So I have been hanging for Tour of Bright all year. Last year was my first ever stab at A grade racing with Total Rush and I finished within top 15 in a field of about 40, which I was pretty stoaked about. I actually wrote a blog about my experiences for Peloton Cafe, you can read it here. I spent the year looking forward to racing Tour of Bright  with the hope to improve my result.

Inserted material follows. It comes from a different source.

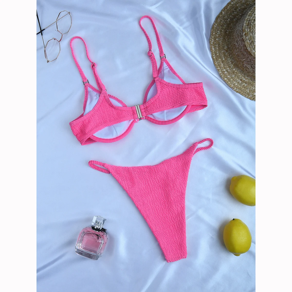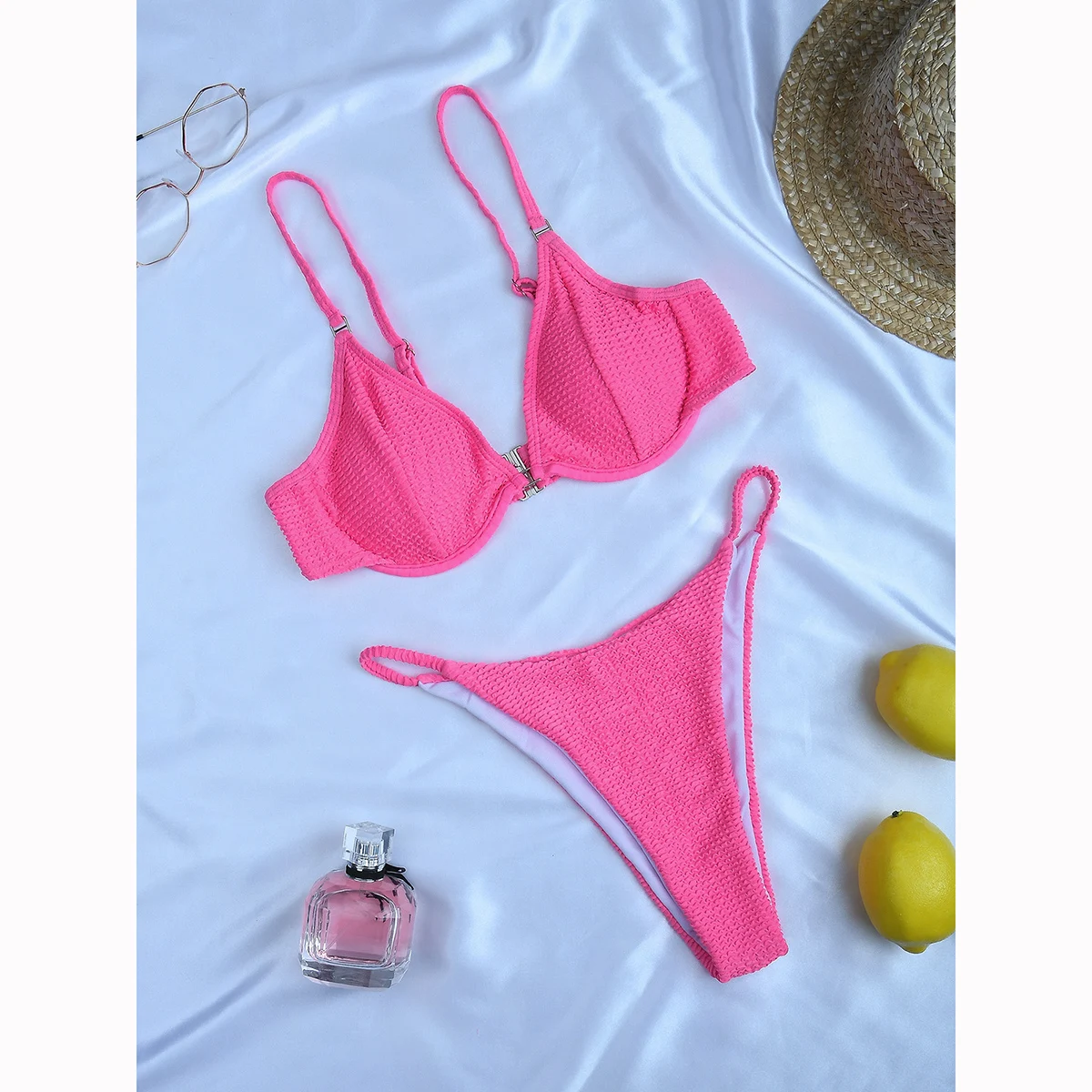 2021 сексуальный бикини пуш-ап бразильский комплект бикини Однотонный женский купальник в рубчик мягкий женский купальник купальный костюм Пляжная одежда

I have had a big year – racing a full NRS season, had a change of teams and have been training my butt off with my super coach, seeing improvements here and there. I was starting this tour with a lot more kilometres under my belt, a new team and a lot more race experience than last year – that’s for sure.  So was hoping for a good result all round.

My lead up was good. My elbow has recovered from the TTT crash at Goldfields. I was rested.  I had two new stealth looking bikes which Total Rush had just built for me during the week. All that was left was to get to Bright and get on with it!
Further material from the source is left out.